Legally aided claimants are eligible for QOCS protection, Senior Costs Judge rules

29 June 2022

Qualified one-way costs shifting (QOCS) protection is available to legally aided claimants, the Senior Costs Judge (SCJ) ruled this week.

Andrew Gordon-Saker also held that an order for interim damages was not an ‘order for damages and interest’ for the purposes of QOCS.

Macaulay v Karim & Anor [2022] EWHC 1270 (SCCO) concerned a legally aided clinical negligence claim which, following a split trial on liability, succeeded against the second defendant but not the first. The trial judge in 2017 noted that the causation issues raised by the first defendant had “dominated much of the trial, but… did not ultimately prevail”.

He held there was no alternative other than to order the claimant to pay the first defendant’s costs limited to the issue of breach of duty, but not the causation argument, “to be paid on the usual basis associated with a legally aided claimant”. These were to be paid from any damages awarded to the claimant at the conclusion of his action against the second defendant but were not to be enforced without permission of the court.

The judge ordered the second defendant to make an interim costs payment of £450,000 and interim damages payment of £250,000, as well as a legal aid assessment of the claimant’s own costs.

The claim against the second defendant settled last year by way of a Tomlin order and in the latest hearing various preliminary issues were before the SCJ, particularly that of whether QOCS applied to a legally aided claimant.

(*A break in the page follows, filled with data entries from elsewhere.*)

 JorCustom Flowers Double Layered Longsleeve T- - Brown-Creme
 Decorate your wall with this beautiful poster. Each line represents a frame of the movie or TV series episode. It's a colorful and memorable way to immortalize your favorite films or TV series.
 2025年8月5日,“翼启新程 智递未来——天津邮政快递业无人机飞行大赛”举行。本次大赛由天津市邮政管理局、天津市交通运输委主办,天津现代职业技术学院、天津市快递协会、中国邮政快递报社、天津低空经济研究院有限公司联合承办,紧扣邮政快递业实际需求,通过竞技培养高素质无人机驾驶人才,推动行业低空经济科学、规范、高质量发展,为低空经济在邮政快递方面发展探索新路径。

The first defendant argued that it was “improbable” that the intention was for claimants to have both legal aid (under section 11 of the Access to Justice Act 1999) and QOCS protection. His counsel suggested that nowhere in the Jackson report was it suggested that QOCS should be substituted for legal aid costs protection. Rather, QOCS was designed to provide protection for claimants following the reforms which removed recoverability.

The SCJ said the difficulty with this argument was that “there is nothing in the rules by which QOCS was introduced to indicate that it does not apply to claimants who are legally aided. That may be by design or by accident, but there is nothing to suggest that it was intended not to apply”.

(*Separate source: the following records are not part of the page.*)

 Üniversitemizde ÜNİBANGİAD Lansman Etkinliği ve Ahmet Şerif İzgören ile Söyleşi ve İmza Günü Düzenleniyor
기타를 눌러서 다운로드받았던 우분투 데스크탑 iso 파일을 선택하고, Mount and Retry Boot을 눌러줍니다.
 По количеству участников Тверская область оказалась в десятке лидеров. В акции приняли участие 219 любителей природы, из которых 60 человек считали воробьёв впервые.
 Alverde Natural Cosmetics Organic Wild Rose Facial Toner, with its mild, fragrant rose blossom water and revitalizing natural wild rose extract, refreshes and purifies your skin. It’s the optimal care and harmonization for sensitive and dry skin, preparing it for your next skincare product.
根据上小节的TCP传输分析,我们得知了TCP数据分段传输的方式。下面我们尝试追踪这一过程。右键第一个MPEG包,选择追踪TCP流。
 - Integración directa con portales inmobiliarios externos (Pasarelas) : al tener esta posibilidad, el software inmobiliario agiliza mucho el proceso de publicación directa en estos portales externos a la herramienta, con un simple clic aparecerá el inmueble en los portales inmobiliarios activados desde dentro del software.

Had this been the intention, the specific QOCS exception in rule 44.17 for cases begun before 1 April 2013 “would have been the obvious place to put it”.

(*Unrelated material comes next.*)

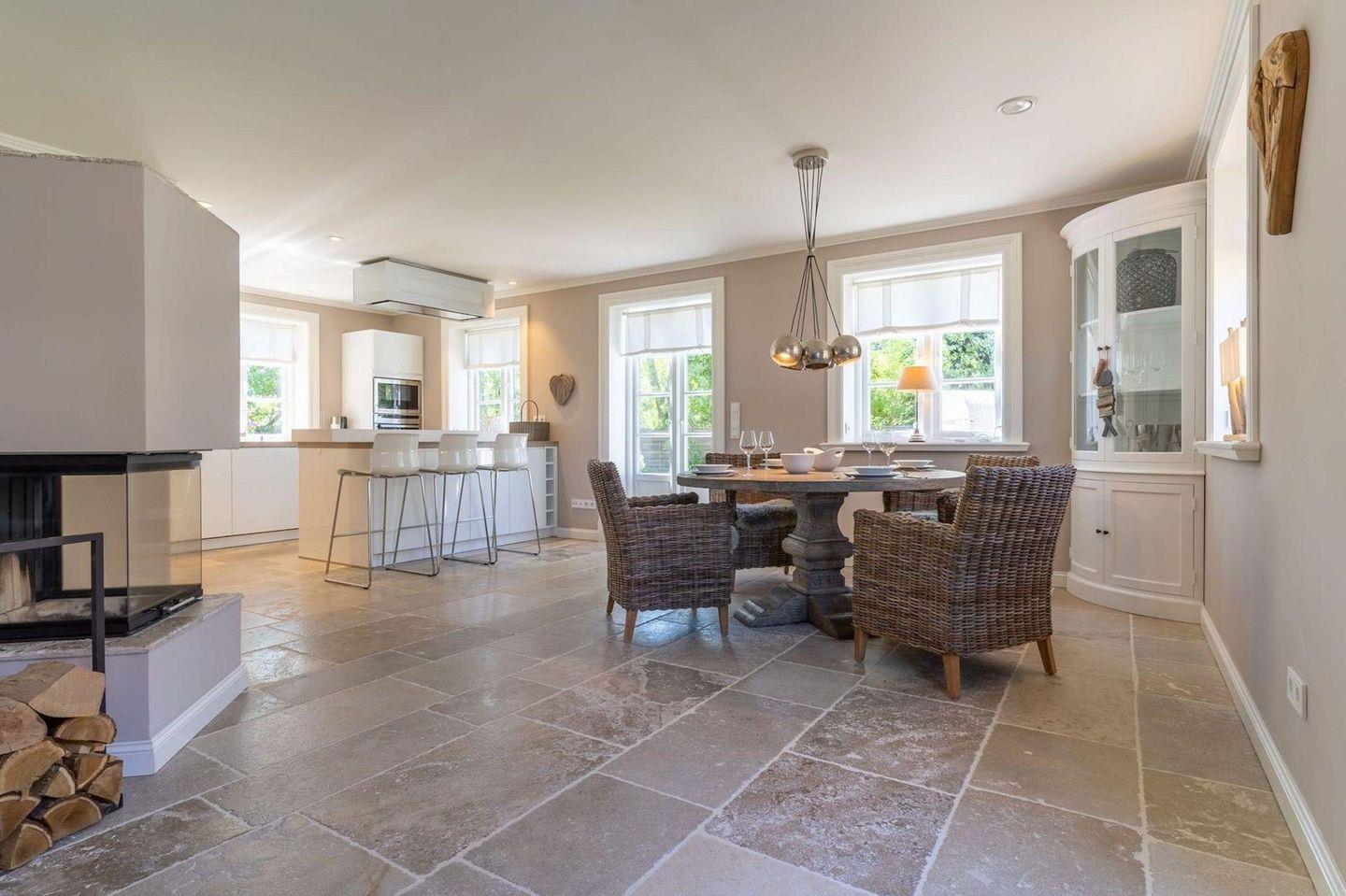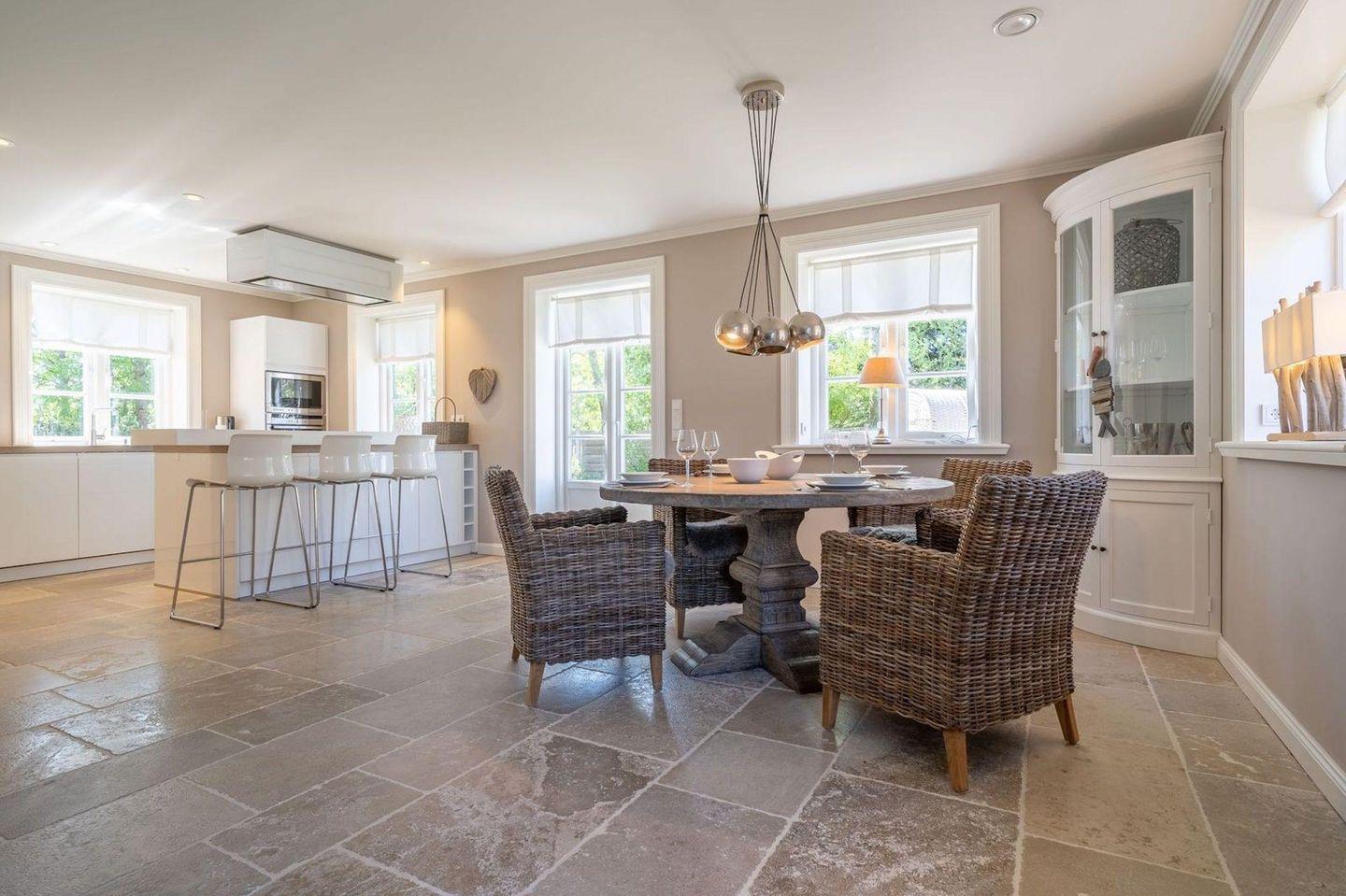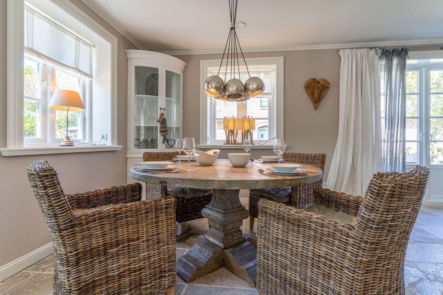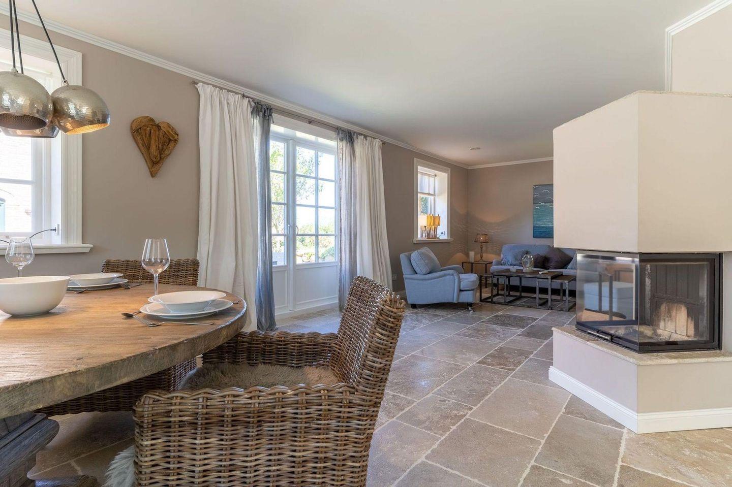 Die luxuriöse Haushälfte unter Reet verfügt über ca. 105 m² Wohnfläche und bietet Platz für 4 Personen. Im Erdgeschoss befindet sich der lichtdurchflutete Wohnraum mit TV, einer offenen Küche sowie einem stilvollen Essbereich. Die Wohnräume sind mit exklusiven Möbeln ausgestattet.

“QOCS applies to proceedings which include a claim for damages for personal injuries (CPR 44.13(1)), the claimant falls within the definition of those to whom QOCS applies (CPR 44.13(2)) and there is nothing in the rules to exclude him because he was legally aided. Accordingly, in my judgment, CPR 44.14 applies to the claimant in this case.”

That rule provides that orders for costs made against a claimant may be enforced without the permission of the court to the extent that the amount does not exceed their damages.

The SCJ said: “It seems to me that there is no difficulty in the approach to be taken in the case of a legally aided party who is also entitled to QOCS, because legal aid costs protection relates to the amount to be paid and QOCS relates to enforcement. The applicability of QOCS is not a bar to a determination under s.11 of the 1999 Act (or s.26 of the 2012 Act), although, in practice, if QOCS does apply, there may be little reason for the receiving party to make a request for a determination.”

The judge was then asked whether the damages paid pursuant to the Tomlin order were “damages awarded to the claimant at the conclusion of his action” within the meaning of 2017 order. Following Cartwright v Venduct Engineering Ltd [2018] EWCA Civ 1654, he said an agreement to pay a sum under a schedule to a Tomlin order is not an order for damages and interest. As a result, the sum paid by the second defendant would not enable the first defendant to enforce his costs order.

The final issue was whether the order for interim damages was an order for damages for the purposes of CPR 44.14. The SCJ said that, given the claimant may ultimately have to repay some of an interim award following trial, “it cannot have been intended that a defendant could enforce an order for costs against the full amount of the interim payment, including the overpayment”.

“Yet that would be a consequence of the wide definition that the first defendant seeks to place on ‘orders for damages’. However, it is not necessary to look for practical difficulties in that interpretation. The plain words used, ‘orders for damages and interest’, would not include an order for a payment of a sum on account of damages.”

The SCJ concluded that the court would proceed on the basis that the claimant was entitled to QOCS and that no order for damages or interest had been made against which the first defendant could enforce its costs order.

Shaman Kapoor (instructed by Russell Cooke) for the claimant. Murray Heining (instructed by Gordons Partnership) for the first defendant.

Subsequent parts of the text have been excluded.